▶ _What the exercise asks_
The records below must be reproduced exactly, excluding any pictures.

⁂

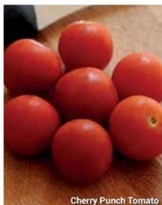
Cherry Punch Tomato
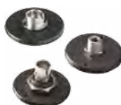
Fiber Adaptors & Connectors (FC, ST or SMA)
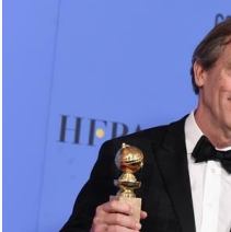
Politics mentioned early and often at Golden Globes
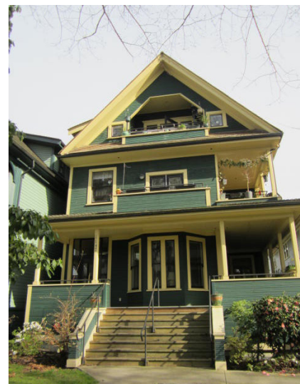
1147 Pendrell Street Ralston House, B, 1889

Vancouver Heritage Foundation offer grants to assist in restoration, repair and rehabilitation of buildings and sites listed on the Vancouver Heritage Register, including restoring an authentic historical paint scheme to a house or building. Visit the VHF website for more information:
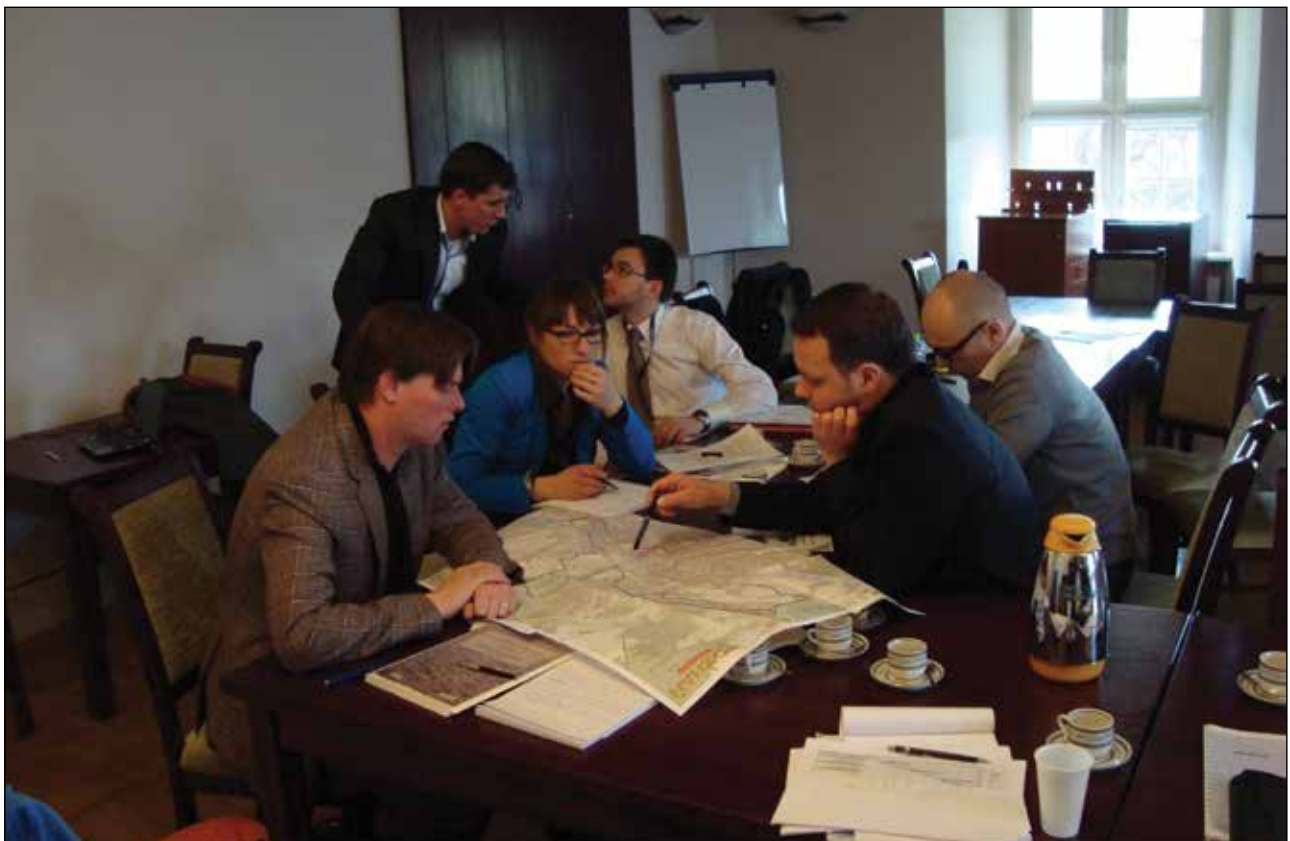
Project meeting for the Poznań case study, Poland

The consensus-based approach has been supported by the Hydrological Confederation of the Ebro (Confederación Hidrográfica del Ebro (CHE)). From 2006, CHE developed the River Basin Plan for the Ebro RBD (Plan Hidrológico del Ebro) in order to comply with the requirements of the WFD.

⁂

▶ _Your response_
Cherry Punch Tomato
Fiber Adaptors & Connectors (FC, ST or SMA)
Politics mentioned early and often at Golden Globes
1147 Pendrell Street Ralston House, B, 1889

Vancouver Heritage Foundation offer grants to assist in restoration, repair and rehabilitation of buildings and sites listed on the Vancouver Heritage Register, including restoring an authentic historical paint scheme to a house or building. Visit the VHF website for more information:
Project meeting for the Poznań case study, Poland

The consensus-based approach has been supported by the Hydrological Confederation of the Ebro (Confederación Hidrográfica del Ebro (CHE)). From 2006, CHE developed the River Basin Plan for the Ebro RBD (Plan Hidrológico del Ebro) in order to comply with the requirements of the WFD.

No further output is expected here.